Taman, a dusty and neglected fishing town, had been transformed by a small city of shipping containers housing hundreds of workers.
Earthmovers and equipment moved back and forth along a grand causeway to the island of Tuzla. From the end of the causeway, the cliffs of Crimea looked close enough to swim to.
Managers at the time brushed off questions about delays and insisted they would get the $3.6 billion ($7.12 bn) job done on time.
To be fair to them, they delivered.
So famed is the bridge in Russia that it inspired the 2018 Russian romantic comedy "The Crimean Bridge, Made with Love!" made by the head of the Russian network RT, Margarita Simonyan.
Vladimir Putin drove the first truck across the road section in a televised opening ceremony in 2018.
Its destruction presents the Kremlin with two urgent challenges.
Until the bridge can be repaired, freight and passengers headed to and from Crimea will have to be re-routed by air, sea, and the "land bridge" of occupied Ukrainian territory along the north coast of the Sea of Azov.

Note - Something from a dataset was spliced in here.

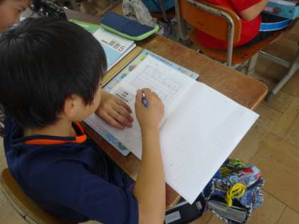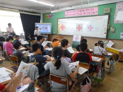 5年生の算数「式と計算」の学習を教職員で参観しました。自分で考えたことをペアで交流したり,クラスのみんなで話し合ったりしながら学習していきました。図を指し示しながら自分の言葉で一生懸命に考えたことを伝えあっていました。ノートにも今日の学習が振り返られるようにていねいにまとめることができていました。
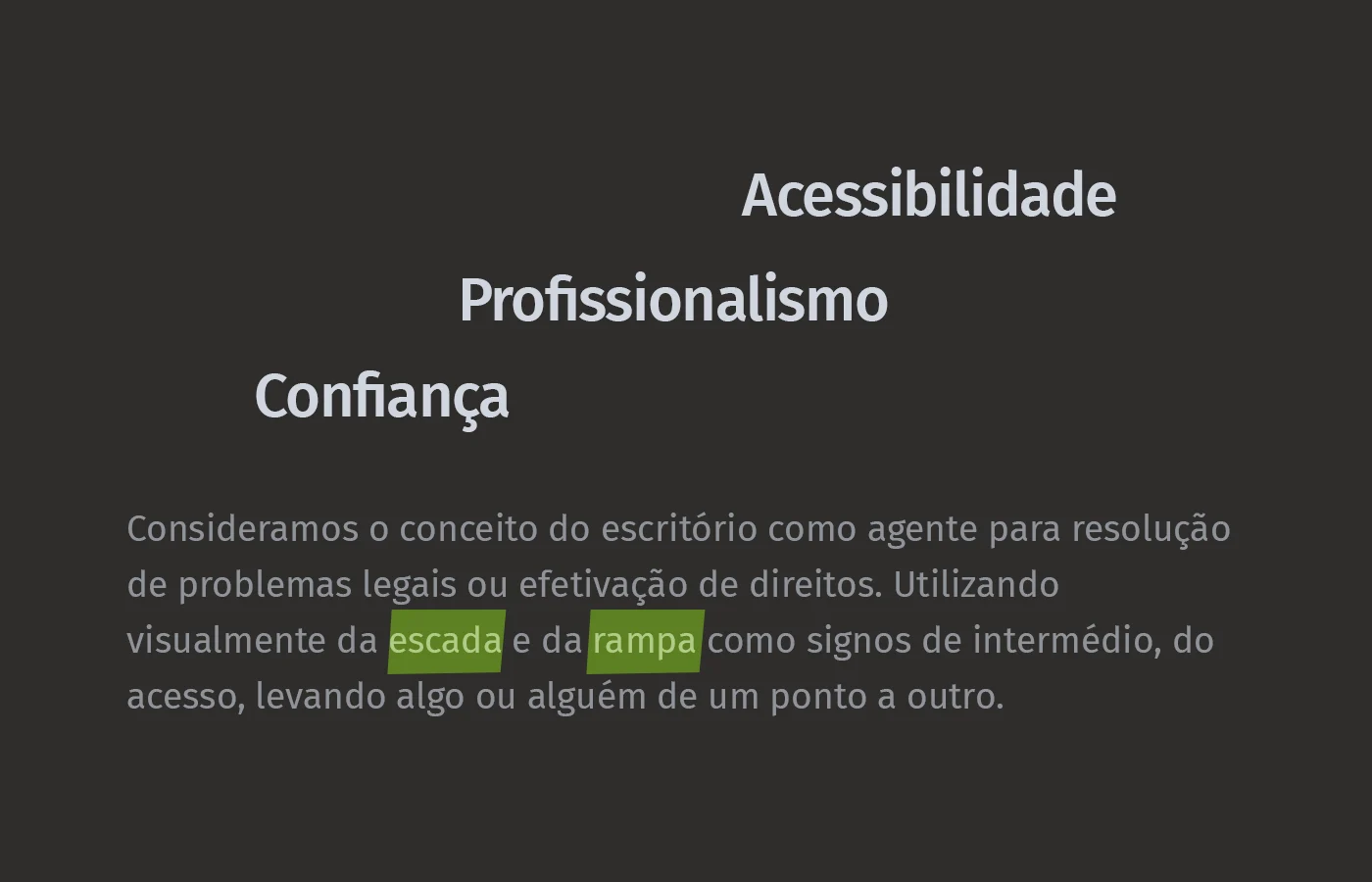 Foi desenvolvido um sistema de identidade visual para o escritório Lopes e Silva Advogados, oferecendo bases sólidas para seu posicionamento. A marca nasce sustentada pelos pilares da Confiança, do Profissionalismo e da Acessibilidade. A partir disso, definimos o conceito do escritório como um agente que conduz à resolução de problemas legais. Visualmente, a escada e a rampa simbolizam esse papel de intermédio, representando a passagem segura de um ponto a outro.

That is bad news not only for the Russian war effort. The highly-militarised peninsula was one of the springboards for the February 24 invasion and remained a key supply route for the Russians fighting on the southern front.
Less than two months ago, reinforcements were rushed through Crimea to reinforce Kherson ahead of the Ukrainian offensive there. The force trying to hold back the Ukrainians there still relies on that route for resupply.

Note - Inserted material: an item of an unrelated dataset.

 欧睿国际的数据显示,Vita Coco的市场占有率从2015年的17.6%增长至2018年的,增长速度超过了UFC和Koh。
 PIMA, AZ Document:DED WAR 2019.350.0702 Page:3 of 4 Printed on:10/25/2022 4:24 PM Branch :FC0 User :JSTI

There are also around two million civilian residents who need feeding. There were already reports of long queues forming at supermarkets as locals stocked up in anticipation of shortages.
Those difficulties are surmountable.
Russia's transport ministry said trains would be running by evening, and that the surviving eastbound lane of the road bridge would also be reopened for traffic in both directions.
But the vulnerability of those supply chains has been exposed.
Such a public blow to Putin's prestige demands a public response.
He will be under pressure to do something dramatic to assuage both the shaken general public and the vocal, hard-line minority of war enthusiasts he increasingly relies on.
Ukrainian officials - and their allies in Western capitals - will be bracing for something violent.
He could try to strike Ukrainian bridges across the Dniepr river in Kyiv, Dnipro and Zaporizhzhia, or just launch mass bombardments of such cities.
He may even launch the much debated demonstrative nuclear strike - or at least carry out an explosion at the old Soviet testing ground on Novaya Zemlya in the Arctic.
The difficulty is that this is not an isolated setback. It comes after a month of defeats and retreats in Kharkiv, Liman, and Kherson that have already shaken faith in victory.
Bridges can be repaired. The widening cracks in Russian morale are another story.